I don't see any difficulty in translating PDB files (at least for standard 
elements) into whatever format we come up with, keeping all the information 
(in principle) or as much as the authors of conversion programs are willing 
to deal with (in reality).

On the other hand, I wouldn't like to see a straight CMLization (line by line) 
because with little more effort one could produce better structured data. The 
PDB approach of coding structure as string attributes of atoms is rather 
old-fashioned in my opinion. Moreover, a very straightforward translation, 
changing nothing but syntax, would probably result in the same mess that we 
have currently, with each program using different atom names and even 
different residue names (e.g. for water).

> My point was that many existing programs already make use of force-field
> files which have no or little fragment information. A common format for

I wouldn't call these "force field file", because that term suggests the 
generic topology and parameter files to me.

> these files would, I suggest, be relatively straightforward to devise and
> require little modification of the programs. Being able to use common files
> between programs, even if they are "flat", would already be a step forward.

Certainly.

> chemical environment). Thus, once a fragment notation has been developed, I
> don't see that it would be so difficult to come up with a representation
> for such fragment libraries and the rules in which fragments could be
> combined.

Because the rules for assigning the force field terms are different.

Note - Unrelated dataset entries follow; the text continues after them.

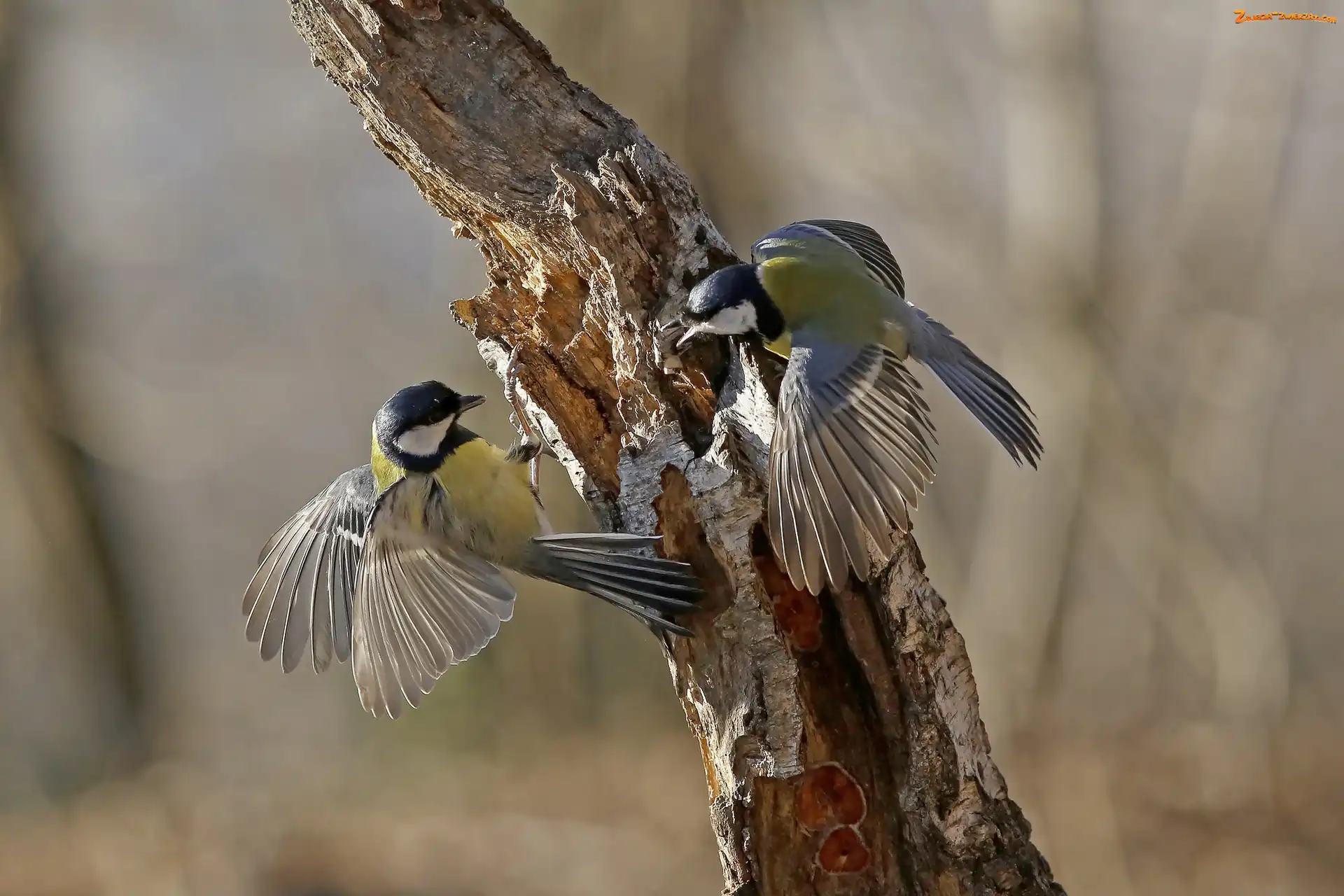 Zdjęcie: Drzewo, Dwie, Sikorki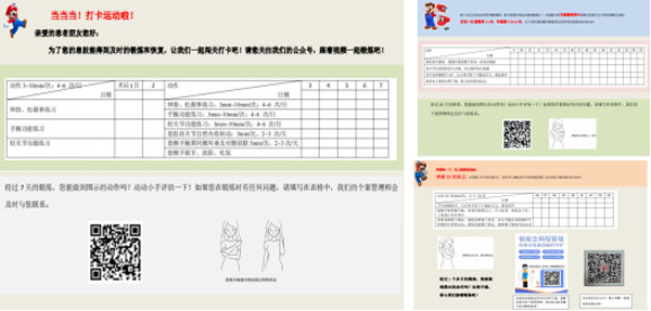 患者出院后,乳腺中心的院外延续护理服务不仅关注患者的身体康复,更着眼于全方位的长期健康管理。为更好地支持乳腺癌患者在院外的康复过程,乳腺中心提出了一系列创新的观点和举措。患者出院时,采用卡通闯关模式,设计个体化患肢功能锻炼日志卡,起到时时提醒监督作用,保证锻炼质量。日志卡将锻炼内容进行量化,方便患者掌握锻炼的强度,及时明确患肢功能恢复情况。个案管理师在患者出院后1周内、1月、3月、半年、1年进行定期随访,分析评估患者阶段性达标状况,切实解决实际困难。个案管理师管案1年后予以结案,将患者转介至乳腺中心随访室,由专业随访人员进行定期随访,最终实现患者全程、全方位管理。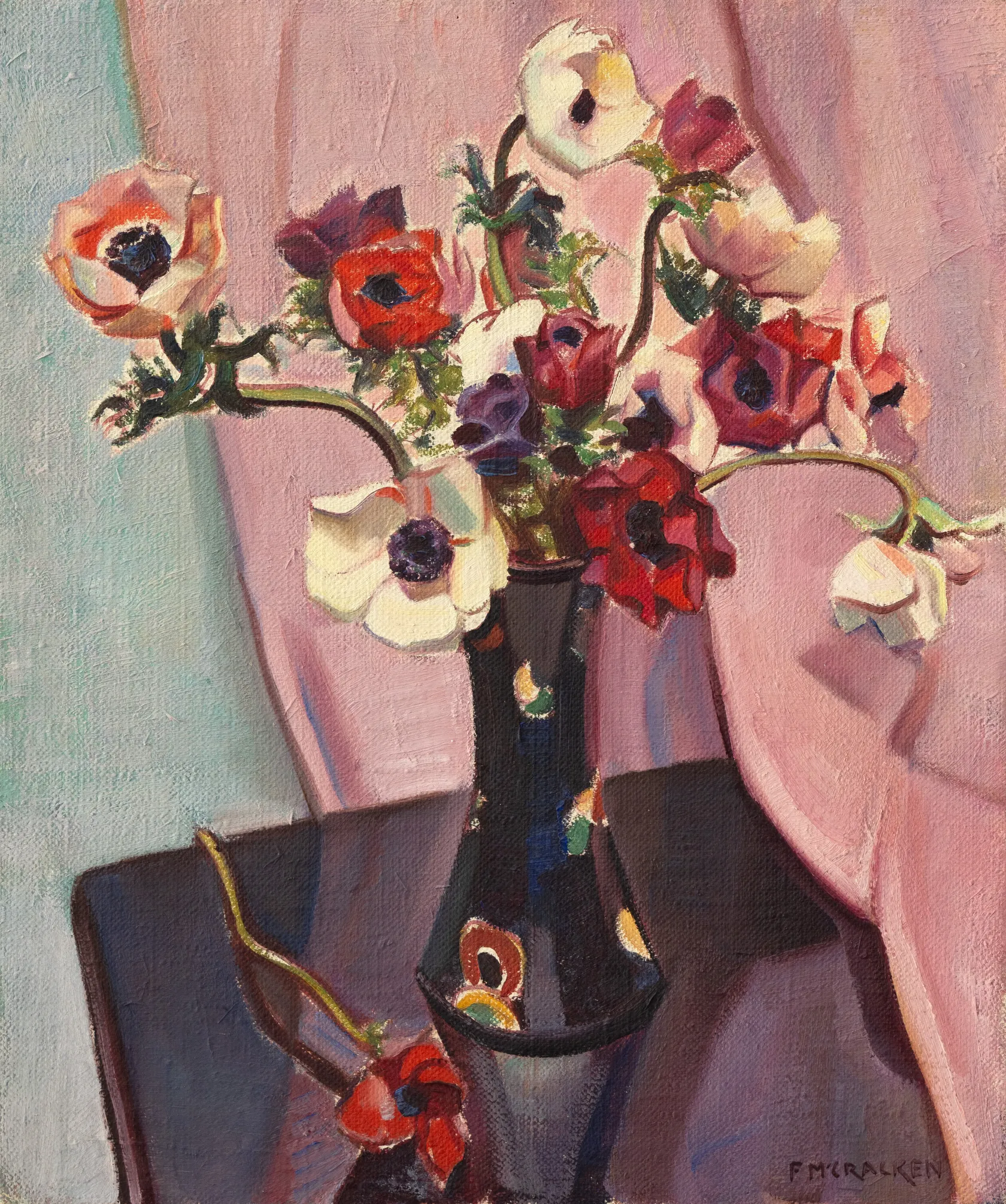 It is rare to uncover a hidden painting, let alone to find two hidden works. Beneath the surface of Anemones (Lot 11) lay two complete earlier works, each more traditional in treatment than the last. Together they chart Francis McCracken’s evolution as an artist, from academic naturalism to a confident modernist voice shaped by European colour and form.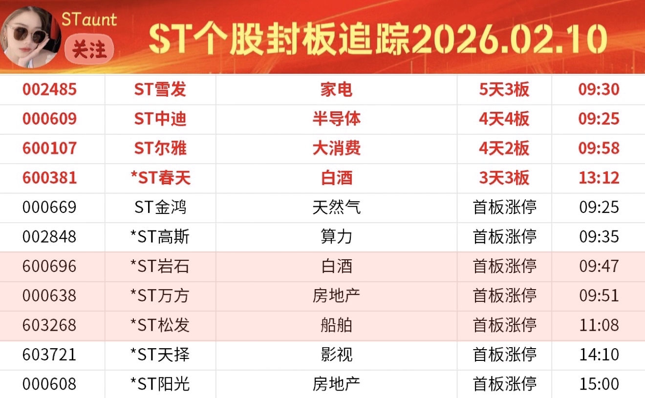 ST个股封板追踪C

For 
example, CHARMM lists improper dihedrals explicitly in the topology 
definitions, whereas AMBER constructs them algorithmically (all possible 
four-atom combinations that have the right bond structure, of which some then 
might have an prefactor of zero). And then the devil is in the details. It 
was only when I really implemented the AMBER force field that I found out 
that the energy terms depend not only on the bond structure, but also on the 
alphabetical ordering of atom names.

The ultimate definition of each of the well-known force fields is still a 
particular program code rather than a formal definition. If anyone wants to 
analyze these codes to figure out the rules, fine - I am not volunteering to 
do it!

> I think the choice of how to combine the data should be flexible - in the
> same files, as an add-on or in separate files.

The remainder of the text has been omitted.